Amos Tutuola and “The Palm-Wine Drinkard” revisited

the palm-wine tapper up the palm-tree tapping wine

the palm-wine tapper up the palm-tree tapping wine

Recently I reread Amos Tutuola’s classic: The Palm-Wine Drinkard at the same time I was revisiting Cervantes’ Don Quixote, and was surprised to see how close, how similar the two books are. I mean, they’re both outrageous in their summations, conquests, tales of chivalry and trickery. In my opinion, they belong to the same genre of the surreal. The narrators find themselves on a fantastical, adventurous journey where strange and unimaginable things happen.

While the characters differ in temperament–Don Quixote is more prone to anger while the Drinkard is sanguine all year round, they’re both given to exaggeration and tricks of the mind, coming across as delusional and heroic at the same time. The Drinkard consumes 225 kegs of palm-wine a day and into the night, ever since he was ten years old. Water has never touched his lips, and when his palm-wine tapper dies, he sets out on a journey to find and bring him back from the dead. Passing through the bush and strange towns, he encounters monsters, mythic creatures, ghosts, and manages to trick and trap death, and also rescues a beautiful girl–who becomes his wife–from a terrible creature in the jungle. He has a bag of witchery that enables him to survive and defeat the many enemies he meets. While he never shape-shifts, he can change his wife from a person to something inanimate and viceversa, to disguise her identity while protecting her.
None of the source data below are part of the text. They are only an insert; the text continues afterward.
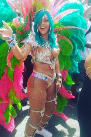 Рианна явно довольна своим внешним видом – на днях 29-летняя певица повеселилась вместе с соотечественниками на традиционном празднике-карнавале Crop Over, посвященном сбору урожая. Снимками она поделилась в своем Instagram.
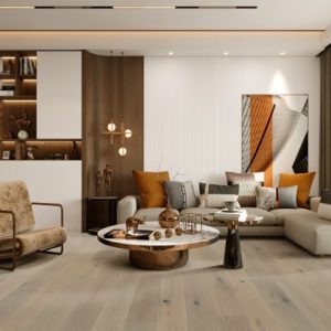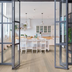 Belleme by Mullican offers European White Oak hardwoods in 1/2″ x 7 1/2″ planks with random lengths up to 6′. With a wirebrushed texture and PPG Ultra Low Gloss Finish, this engineered flooring will make a lovely addition to your home. Belleme has a substantial 50 year residential finish warranty and a 3mm wear layer.
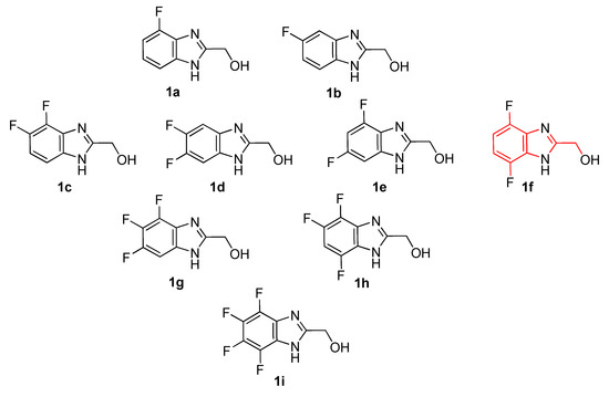 Synthesized in this work (black) and still challenging (red) (benzo[d]imidazol-2-yl)methanols fluorinated on the benzene ring, 1a–1i.

Through his adventures, he becomes a hero of mythic proportions, his fantastical incidents escalating one after another like beads on a string.

the palm-wine tapper in Sine-Saloum, Senegal

the palm-wine tapper in Sine-Saloum, Senegal

Don Quixote doesn’t have as many successes as the Drinkard, although he still comes across as a grand make-believer. His failures form a string of narrative successes in their propensity to imagine. The reader of both books is never allowed to rest, but constantly regaled with tale after tale. The Drinkard has a travel companion, his wife, while Don has Sancho. Their interactions make the stories more tragic and comic. Contradictions abound, and when you think you’ve had enough, there’s still more and more…
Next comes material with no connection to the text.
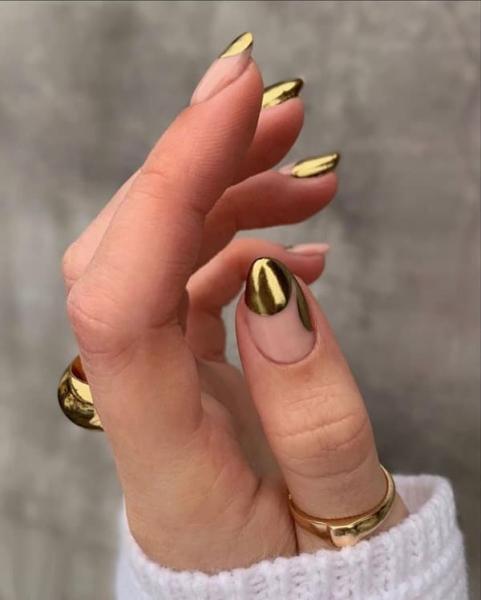 Надати нюдовому дизайну з блискітками 2023-2024 оригінальності може ефект рідкого металу на нігтики. Такий акцентний декор виглядає стильно і ефектно.

While Don Quixote is famously considered the first European novel, one of the best works of fiction ever written,  a classic western literary masterpiece, The Palm-Wine Drinkard is sometimes dismissed as that crazy book by a crazy writer, whimsical, and not to be taken seriously. I think of Tutuola’s imagination beautiful in writing this book, I think of him as someone who lived ahead of his time, someone who transcended literary boundaries and made great leaps in creativity, someone who amused, challenged, entertained and blurred the lines between magical realism and real life.  I think of The Palm-Wine Drinkard in our time and feel very happy that this book exists.

My first time to see a palm-wine tapper was in the deep interior of Sine-Saloum, Senegal. It was also my first time to taste palm-wine and eat kola nuts. Having read a lot of literature from West Africa that describes the rituals of drinking palm-wine and eating kola nuts, I was ecstatic to be transported and delivered from my literary imagination experiences into a landscape of reality where the first imagining took place, then entered a book and spread. I’ll end with a picture of yours truly enjoying the palm-wine. Long live the works of Tutuola.

Yours truly drinking up a calabash of fresh palm-wine

Yours truly drinking up a calabash of fresh palm-wine, 2009, Sine-Saloum.